CME group loses key legal battle in potentially costly lawsuit for trader

The plaintiffs allege that CME violated members’ rights when it moved its main electronic trading platform to Chicago’s western suburb of Aurora in 2012. One such benefit for members was lower trading fees. , but the Aurora system often resulted in a leveling of fees between members and non-members, and in some cases, charging lower fees to non-members, according to the lawsuit.

CME’s efforts to dismiss the lawsuit were unsuccessful, and now he has lost his offer to avoid class certification. Much of the legal discovery has taken place in the meantime, finally highlighting the resolution of this long-standing dispute.

The company nevertheless continues to take a hard line. “This case is without merit and CME Group will continue to vigorously defend itself against these allegations,” a spokeswoman said in an email.

At the heart of the dispute is what these longtime traders see as fundamental betrayal after paving the way for exchanges, originally owned by members, to go public and combine. In many other similar cases, like the New York Stock Exchange or Nymex, the exchanges bought out memberships when they migrated from member-owned platforms to publicly traded companies. CME kept memberships intact and promised members would continue to benefit, according to plaintiffs’ attorneys.

The result was the opposite. A membership worth over $ 1 million in 2007 when CME acquired CBOT is now worth a few hundred thousand dollars, according to attorney Steve Morrissey, a partner at Susman Godfrey, who represents the plaintiffs. Meanwhile, CME shares have risen significantly.

With thousands of members affected, damages could reach hundreds of millions or more if a jury concludes that the decline in members’ value is due to what plaintiffs say is a violation of CME’s agreement with them.

CME’s annual net income from 2018 to 2020 averaged $ 2.1 billion, to put the consequences of such large potential damage into context.

Many of the plaintiffs are former traders from the days of the public outcry, when Chicago’s noisy raw material pits were regularly featured in documentaries about the city and its unique features. They are now in their sixties or sixties in many cases and considered that the nuggets and retirement assets of membership should be passed on to their heirs.

While the group’s certification is a critical step – and often in other class actions such a decision leads to settlement discussions – there is no indication that it will happen anytime soon. There are more discoveries to be made even though a good game has taken place.

Determining the damage, if CME is found responsible, is complicated. The judge in the case, Celia Gamrath, made it clear that different types of memberships (former Board of Trade members versus those of Merc, for example) would be entitled to different treatment if CME were found liable.

But, she wrote in the decree of December 3: “This court concludes that a class action is the most effective way to resolve this controversy. While there are different rights and privileges associated with different divisions and Series B shares, the creation of nine sub-categories to address these variations makes this case manageable and suitable as a class action lawsuit.
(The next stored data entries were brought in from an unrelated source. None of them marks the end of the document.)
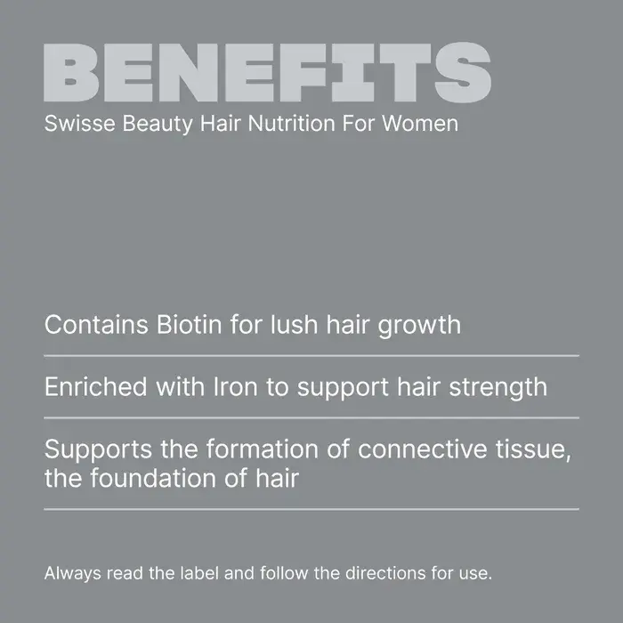 Swisse Hair Nutrition for Women nourishes the hair follicles with essential vitamins and minerals to improve hair structure and shine, while addressing common lifestyle-related deficiencies in Bangladesh.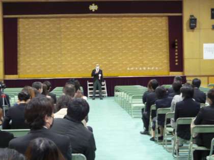 開式にあたり校長先生から、今年度の卒業証書授与式では、新型コロナウイルス感染症の拡大防止のため健康観察、マスクの着用、時短のためバインダーに卒業証書をつけて授与する、式で30分ごとに換気の時間をとるなどの説明をしました。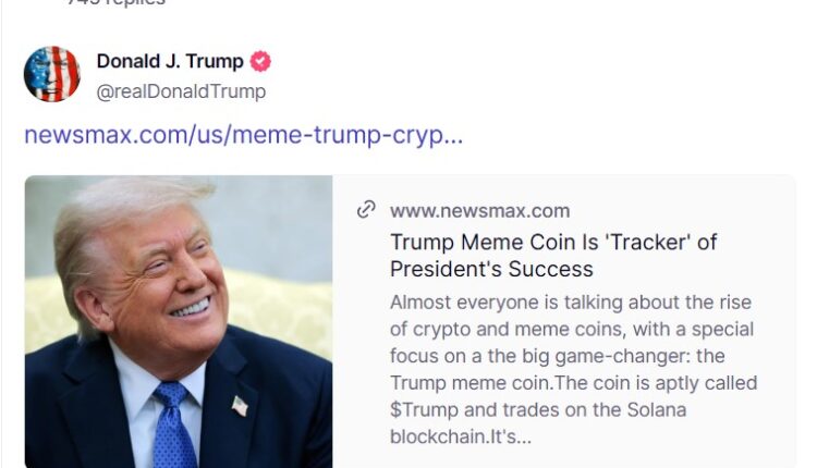 Donald Trump shares an article discussing memecoin as a success tracker. Source: Donald Trump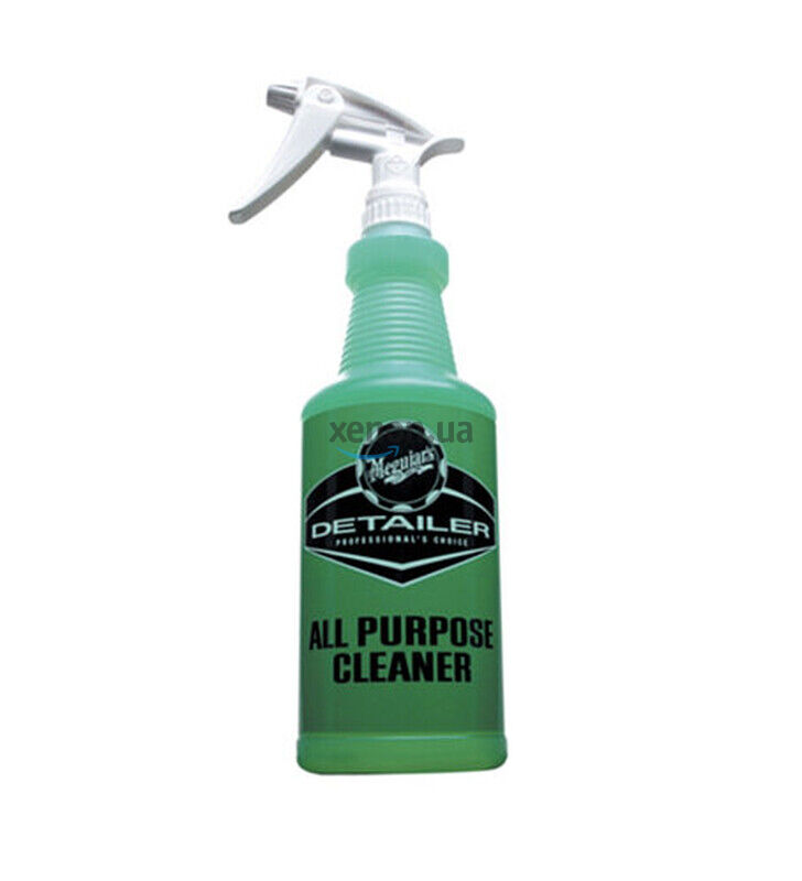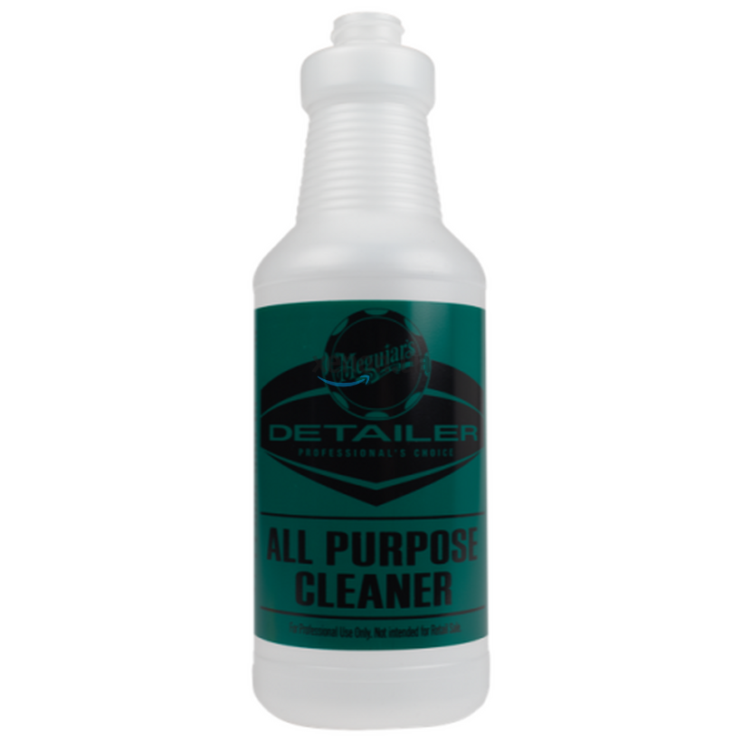 Пластиковый бутыль с зеленой этикеткой All Purpose Cleaner предназначен для удобства работы с универсальным очистителем All Purpose Cleaner Plus. На обратной стороне емкости имеется шкала разведения.

The case will also move to a different division within the Cook County system and a different judge, now that it is heading towards a potential trial. This judge will have to rule on a future motion for summary judgment by then.

A trial would not be likely until 2023 at the earliest.

For CME, however, the choice may well be to take a shot at a Cook County jury given all the time that has passed and the impairment suffered by aging members.